=== Begin Enclosure ===

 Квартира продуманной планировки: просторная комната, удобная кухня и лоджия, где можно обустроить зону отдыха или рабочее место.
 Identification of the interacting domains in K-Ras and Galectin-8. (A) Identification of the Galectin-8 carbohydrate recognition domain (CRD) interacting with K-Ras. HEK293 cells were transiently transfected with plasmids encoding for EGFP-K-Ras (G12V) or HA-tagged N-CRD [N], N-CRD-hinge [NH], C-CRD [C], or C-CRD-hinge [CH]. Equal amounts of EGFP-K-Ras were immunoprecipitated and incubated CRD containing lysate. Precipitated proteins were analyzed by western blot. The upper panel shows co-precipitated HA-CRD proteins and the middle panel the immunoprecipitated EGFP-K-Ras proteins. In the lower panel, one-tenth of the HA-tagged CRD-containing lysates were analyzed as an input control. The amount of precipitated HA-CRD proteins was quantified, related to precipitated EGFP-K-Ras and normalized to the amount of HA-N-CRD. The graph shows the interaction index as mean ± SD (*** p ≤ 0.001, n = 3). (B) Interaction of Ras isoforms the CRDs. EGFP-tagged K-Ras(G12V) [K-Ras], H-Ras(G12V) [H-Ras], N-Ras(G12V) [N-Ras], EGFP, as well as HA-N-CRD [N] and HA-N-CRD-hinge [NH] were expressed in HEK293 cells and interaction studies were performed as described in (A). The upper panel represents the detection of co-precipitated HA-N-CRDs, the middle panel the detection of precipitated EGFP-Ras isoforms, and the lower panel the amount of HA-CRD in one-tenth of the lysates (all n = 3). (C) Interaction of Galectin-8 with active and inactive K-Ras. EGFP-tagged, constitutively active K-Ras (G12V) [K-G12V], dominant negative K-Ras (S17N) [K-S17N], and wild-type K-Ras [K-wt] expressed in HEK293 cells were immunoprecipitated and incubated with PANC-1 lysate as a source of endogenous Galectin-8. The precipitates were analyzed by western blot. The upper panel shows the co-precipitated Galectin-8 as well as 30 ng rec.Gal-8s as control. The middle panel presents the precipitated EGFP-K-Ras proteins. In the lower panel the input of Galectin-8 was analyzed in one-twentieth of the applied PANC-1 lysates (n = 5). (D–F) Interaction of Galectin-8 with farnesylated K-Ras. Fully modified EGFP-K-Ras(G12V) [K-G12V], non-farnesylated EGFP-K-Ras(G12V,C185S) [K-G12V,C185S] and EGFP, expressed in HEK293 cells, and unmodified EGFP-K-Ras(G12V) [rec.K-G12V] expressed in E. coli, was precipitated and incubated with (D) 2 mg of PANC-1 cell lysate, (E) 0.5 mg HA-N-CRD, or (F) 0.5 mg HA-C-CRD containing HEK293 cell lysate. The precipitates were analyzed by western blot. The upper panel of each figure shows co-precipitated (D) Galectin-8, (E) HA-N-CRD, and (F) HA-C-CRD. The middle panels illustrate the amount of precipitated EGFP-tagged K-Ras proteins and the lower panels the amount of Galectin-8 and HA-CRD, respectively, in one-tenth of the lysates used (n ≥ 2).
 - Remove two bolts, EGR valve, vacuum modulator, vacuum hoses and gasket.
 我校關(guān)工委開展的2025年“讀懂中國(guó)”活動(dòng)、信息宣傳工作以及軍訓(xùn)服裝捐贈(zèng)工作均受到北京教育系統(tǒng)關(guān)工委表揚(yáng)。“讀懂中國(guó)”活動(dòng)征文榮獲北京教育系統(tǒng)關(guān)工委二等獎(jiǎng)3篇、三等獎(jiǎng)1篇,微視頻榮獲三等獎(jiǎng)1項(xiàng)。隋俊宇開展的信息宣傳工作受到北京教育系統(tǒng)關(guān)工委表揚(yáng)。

=== End Enclosure ===

__WORK INSTRUCTIONS__
Write out each line of the data above again, exactly as given.

__THE ANSWER__
 Квартира продуманной планировки: просторная комната, удобная кухня и лоджия, где можно обустроить зону отдыха или рабочее место.
 Identification of the interacting domains in K-Ras and Galectin-8. (A) Identification of the Galectin-8 carbohydrate recognition domain (CRD) interacting with K-Ras. HEK293 cells were transiently transfected with plasmids encoding for EGFP-K-Ras (G12V) or HA-tagged N-CRD [N], N-CRD-hinge [NH], C-CRD [C], or C-CRD-hinge [CH]. Equal amounts of EGFP-K-Ras were immunoprecipitated and incubated CRD containing lysate. Precipitated proteins were analyzed by western blot. The upper panel shows co-precipitated HA-CRD proteins and the middle panel the immunoprecipitated EGFP-K-Ras proteins. In the lower panel, one-tenth of the HA-tagged CRD-containing lysates were analyzed as an input control. The amount of precipitated HA-CRD proteins was quantified, related to precipitated EGFP-K-Ras and normalized to the amount of HA-N-CRD. The graph shows the interaction index as mean ± SD (*** p ≤ 0.001, n = 3). (B) Interaction of Ras isoforms the CRDs. EGFP-tagged K-Ras(G12V) [K-Ras], H-Ras(G12V) [H-Ras], N-Ras(G12V) [N-Ras], EGFP, as well as HA-N-CRD [N] and HA-N-CRD-hinge [NH] were expressed in HEK293 cells and interaction studies were performed as described in (A). The upper panel represents the detection of co-precipitated HA-N-CRDs, the middle panel the detection of precipitated EGFP-Ras isoforms, and the lower panel the amount of HA-CRD in one-tenth of the lysates (all n = 3). (C) Interaction of Galectin-8 with active and inactive K-Ras. EGFP-tagged, constitutively active K-Ras (G12V) [K-G12V], dominant negative K-Ras (S17N) [K-S17N], and wild-type K-Ras [K-wt] expressed in HEK293 cells were immunoprecipitated and incubated with PANC-1 lysate as a source of endogenous Galectin-8. The precipitates were analyzed by western blot. The upper panel shows the co-precipitated Galectin-8 as well as 30 ng rec.Gal-8s as control. The middle panel presents the precipitated EGFP-K-Ras proteins. In the lower panel the input of Galectin-8 was analyzed in one-twentieth of the applied PANC-1 lysates (n = 5). (D–F) Interaction of Galectin-8 with farnesylated K-Ras. Fully modified EGFP-K-Ras(G12V) [K-G12V], non-farnesylated EGFP-K-Ras(G12V,C185S) [K-G12V,C185S] and EGFP, expressed in HEK293 cells, and unmodified EGFP-K-Ras(G12V) [rec.K-G12V] expressed in E. coli, was precipitated and incubated with (D) 2 mg of PANC-1 cell lysate, (E) 0.5 mg HA-N-CRD, or (F) 0.5 mg HA-C-CRD containing HEK293 cell lysate. The precipitates were analyzed by western blot. The upper panel of each figure shows co-precipitated (D) Galectin-8, (E) HA-N-CRD, and (F) HA-C-CRD. The middle panels illustrate the amount of precipitated EGFP-tagged K-Ras proteins and the lower panels the amount of Galectin-8 and HA-CRD, respectively, in one-tenth of the lysates used (n ≥ 2).
 - Remove two bolts, EGR valve, vacuum modulator, vacuum hoses and gasket.
 我校關(guān)工委開展的2025年“讀懂中國(guó)”活動(dòng)、信息宣傳工作以及軍訓(xùn)服裝捐贈(zèng)工作均受到北京教育系統(tǒng)關(guān)工委表揚(yáng)。“讀懂中國(guó)”活動(dòng)征文榮獲北京教育系統(tǒng)關(guān)工委二等獎(jiǎng)3篇、三等獎(jiǎng)1篇,微視頻榮獲三等獎(jiǎng)1項(xiàng)。隋俊宇開展的信息宣傳工作受到北京教育系統(tǒng)關(guān)工委表揚(yáng)。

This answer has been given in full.